If you are reading this, then I've done something ridiculously stupid and gotten myself killed. Don't cry love, I'm sure I deserved it. The world is a cruel place and I've added to that over the years. I'm ashamed to say that it took me seventeen years to realize that I was no better than you, or anyone like you. As a Slytherin, an heir, and a pureblood, it's hard to admit my faults and know that what I've done was wrong. But you changed me. For six years, I watched as everything I'd been taught drained away as lies. Don't listen to anyone who calls you mudblood and please accept my deepest apologies for ever marring you with such a name. You don't fit any description implied in the title, or that of anything I've been told you would be.

If you don't already know it, pureblood's are raised to hate muggleborns. We are taught from an early age to be disgusted by them, despise them for reasons we really don't understand. We are not to question this way of thinking, or a cane will quickly meet us with a message of obedience. I did question though, I did wonder, and I hope that others have too. Because I wasn't able to find the best thing in my life until I stopped believing in the ways of my father.

There was a time when he was my hero, and I'm sure it's the same for all pureblooded sons. He represented the strong, the powerful, the person we strive to be. But when you strip away the lies, you're left with a selfish, cruel man, who cared nothing for his son and had a love affair with power. He spoke of being great, of ruling the world by the Dark Lord's side. He made it sound grand, like a journey that only those who are worthy would be able to walk. However, I soon found out that the journey I would take part in, would be filled with murder and death, blood and the loss of innocence.

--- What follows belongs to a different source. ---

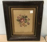 Old Cross Stitch Sampler, roses, old wood frame, 16"h., 13"w. Old Cross Stitch Sampler, roses, old wood frame, 16"h., 13"w.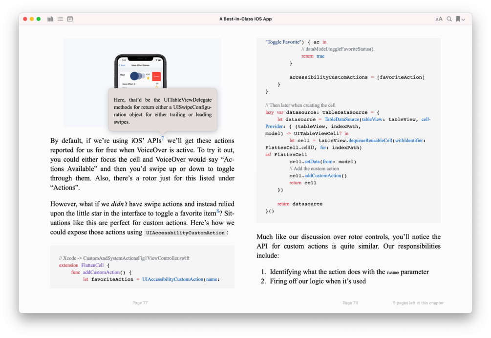 The book series in .pdf and .epub formats. Xcode code sample project. Discord server access. Free updates going forward.

I admit to you, to anyone who asks, that I held a wand to Dumbledore's chest. I was told to kill him, for the respect of the Dark Lord and the betterment of my family. I let the Death Eater's into the school with a Vanishing Cabinet connected to Borgin and Burkes, I Imperio'd Madame Rosmerta, and I hurt Katie Bell and Ron Weasley, in attempts to get at Dumbledore that I poorly put together because I simply didn't want to be a murderer. I didn't kill him though; Snape, his not so loyal friend did that. After years of training, of boasting that I could be a Death Eater, I proved myself wrong. While I stared down at him, all I could think was that you wouldn't do it. And if you wouldn't, how could I? My entire Hogwarts career had been spent trying to outdo you, or at least stand equal to you, but you had always proved to be better. So, I couldn't do it. I couldn't kill him. It wasn't fear of those who were approaching, it was being named a killer. I would have his blood on my hands, I would have his death over my head. And if you couldn't live with something like that, how was I strong enough to?

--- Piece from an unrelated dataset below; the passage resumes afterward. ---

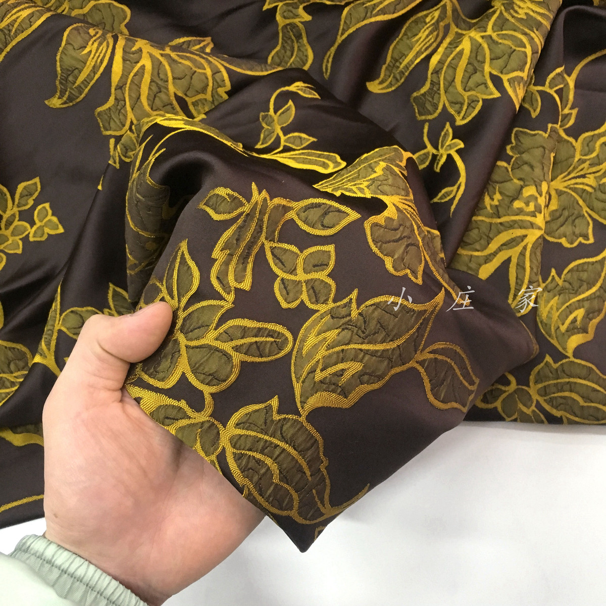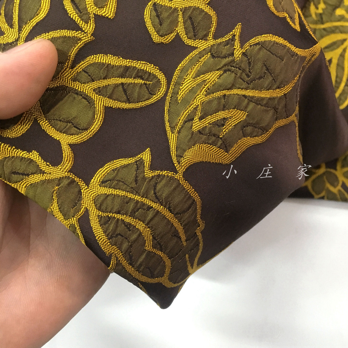 📚 气质咖啡色立体浮雕花卉图案提花时装面料 春秋 柔软 垂坠 布料

I feel a sense of pity for all those Slytherins who will soon choose to take the Dark Mark. Those who follow in their parent's footsteps because in all honesty, that was the worst thing I had ever done. And they might be able to convince themselves that it will be different for them, they might think it was just me, that I wasn't strong enough, but they'll figure it out. When they hold a wand to an innocent, when they see the death of a child or a mother, they'll know. Some of us are made for death, made to kill. It was what I had been raised to do and still I faltered. For every dark wizard that is bred, there is a good one born.

Take Weasley and Potter for example. Potter grew up without his parents, in a family that hated him, and he managed to keep his innocence to some extent. He came out on top in some ways. Yes, he lost his family, he lost a life, but he can feel good about himself knowing that he will never do anything to hurt any innocent. He has a good heart, a sharp mind, and I believe that he will win in the end. He deserves to. Then there's Weasley. A boy who was marred as a blood traitor just for being born as himself. He was raised the right way though. Without discrimination and in a family that obviously loves him. I regret what I've done to the two of them, they were only looking out for the greater good of the people around them. They're brave; strong against the weight of Voldemort's fury. I admire them for that.

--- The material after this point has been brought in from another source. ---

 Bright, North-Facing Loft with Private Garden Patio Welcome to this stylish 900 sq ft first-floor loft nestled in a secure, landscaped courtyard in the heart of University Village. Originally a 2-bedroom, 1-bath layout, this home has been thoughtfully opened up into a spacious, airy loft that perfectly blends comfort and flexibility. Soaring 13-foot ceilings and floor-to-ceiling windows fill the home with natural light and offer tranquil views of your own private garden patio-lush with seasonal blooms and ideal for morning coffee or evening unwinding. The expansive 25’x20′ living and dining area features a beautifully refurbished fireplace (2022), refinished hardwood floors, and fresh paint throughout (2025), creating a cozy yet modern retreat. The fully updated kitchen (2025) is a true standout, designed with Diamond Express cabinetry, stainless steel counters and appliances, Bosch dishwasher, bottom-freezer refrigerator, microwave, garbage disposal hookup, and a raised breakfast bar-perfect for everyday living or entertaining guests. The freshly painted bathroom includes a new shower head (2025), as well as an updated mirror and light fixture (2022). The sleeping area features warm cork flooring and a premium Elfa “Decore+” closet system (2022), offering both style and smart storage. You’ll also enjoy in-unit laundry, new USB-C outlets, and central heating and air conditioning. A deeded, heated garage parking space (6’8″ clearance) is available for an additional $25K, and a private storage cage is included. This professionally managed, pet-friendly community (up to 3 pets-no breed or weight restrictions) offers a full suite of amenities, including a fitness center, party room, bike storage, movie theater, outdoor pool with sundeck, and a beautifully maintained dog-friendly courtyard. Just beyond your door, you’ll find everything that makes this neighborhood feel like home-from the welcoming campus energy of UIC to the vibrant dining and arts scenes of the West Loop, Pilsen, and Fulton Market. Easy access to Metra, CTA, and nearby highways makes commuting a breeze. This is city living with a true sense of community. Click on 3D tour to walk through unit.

I have no reason to doubt that I died by my father's hand, but I hope that the Order arrived like they should have. I knew you would do what was right, I knew you would bring them to capture him. He shouldn't be allowed to walk amongst the rest of you. I have seen what he's done and it's far worse than you can imagine. Death takes both the best and worst of us, I think the majority of us don't know which we are until we're weaved separate at those pearly gates. I hope that I've been forgiven for my actions, that I'll be granted entrance to the same place you will. But I have no reason to trust that I will. I've done some horrible things in my life, and I regret never being able to apologize to the people I've hurt.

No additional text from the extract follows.